Deep learning classifiers have a known tendency to misclassify with high confidence. For this reason, detecting samples at test time whose class is not in the training set is a crucial step for model deployment. This can be considered as a binary classification problem, which is often tackled with metric learning: after training a distance in which samples from known classes are lumped together, a threshold is chosen which sets the boundary for samples from unseen classes. But this idea relies on two assumptions: that classes are indeed lumped into convex (and simply connected) regions, and that these regions are far apart from each other.

Because both are typically violated in practice [Din22V], presented this week at UAI2022, proposes a method which tries to enforce them. In the new metric space, samples from the same class follow distinct, and well separated, isotropic Gaussian distributions, as seen in the figure.

Crucially, this does not require OOD data to train, yet achieves SOTA even when compared to some techniques which do (however, the authors do not compare with most methods using OOD data for training since this is a different regime).

This is achieved with a composite loss including: a triplet loss to bring similar samples together and different ones apart, a KL term pursuing class-wise Gaussianity in the representation space, and a distancing term to improve inter-class separation beyond that provided by the triplet loss.

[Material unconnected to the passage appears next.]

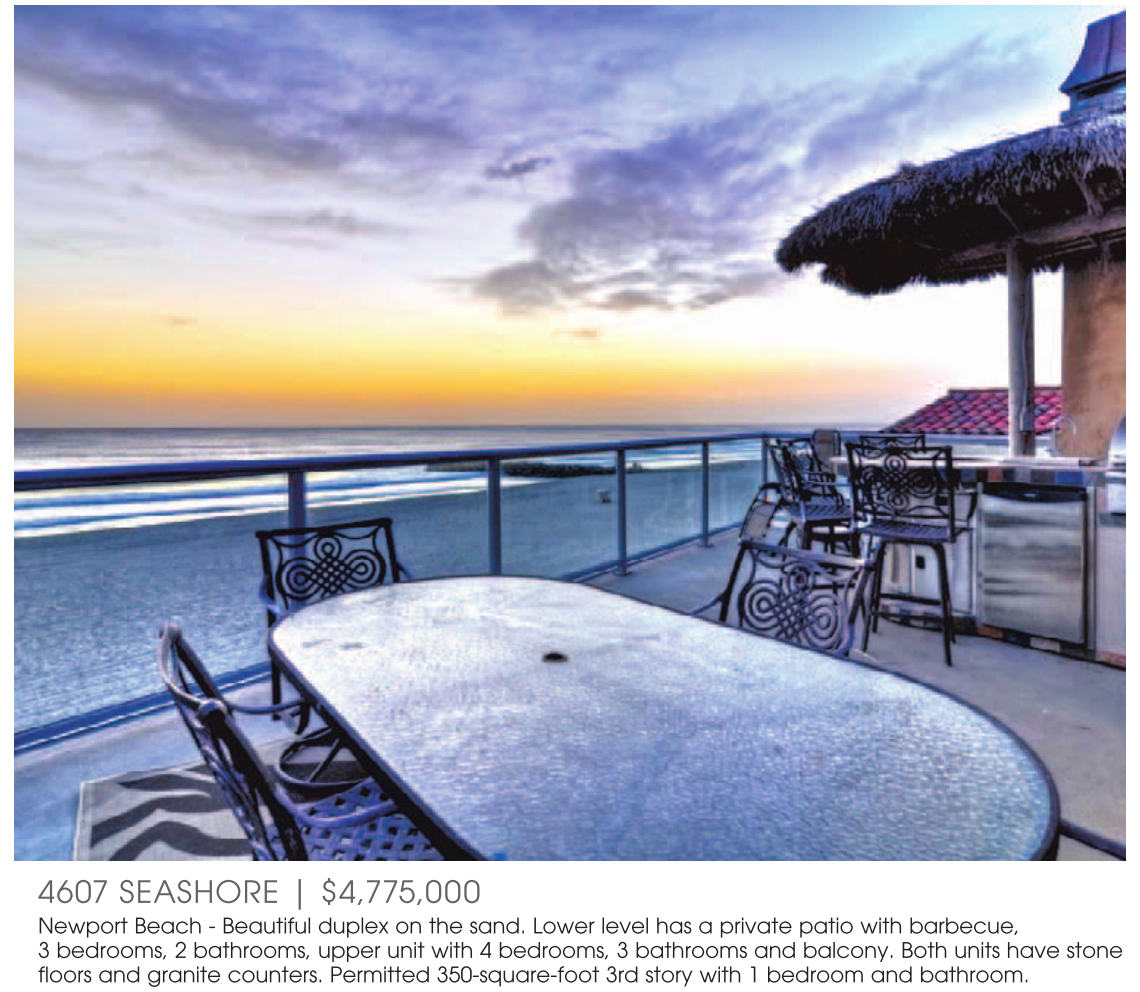 Newport Beach - Beautiful duplex on the sand. Lower level has a private patio with barbecue, 3 bedrooms, 2 bathrooms, upper unit with 4 bedrooms, 3 bathrooms and balcony. Both units have stone floors and granite counters. Permitted 350-square-foot 3rd story with 1 bedroom and bathroom.

After training, a forward pass through all the data is done and the activations at 3 different layers of the network plus the final ones are collected for all samples in each class. Then one anisotropic Gaussian per class is fitted to these data. At test time, the negative log likelihood (NLL) of a sample is computed wrt. each Gaussian and a threshold is used to determine whether a sample is OOD or not. Training an additional VAE and using the distances from its intermediate representations to those of the original network to weight the likelihoods further decreases the false positive rate by reducing in-class NLL.

This is a promising method for applications in which OOD data is not readily available during model development.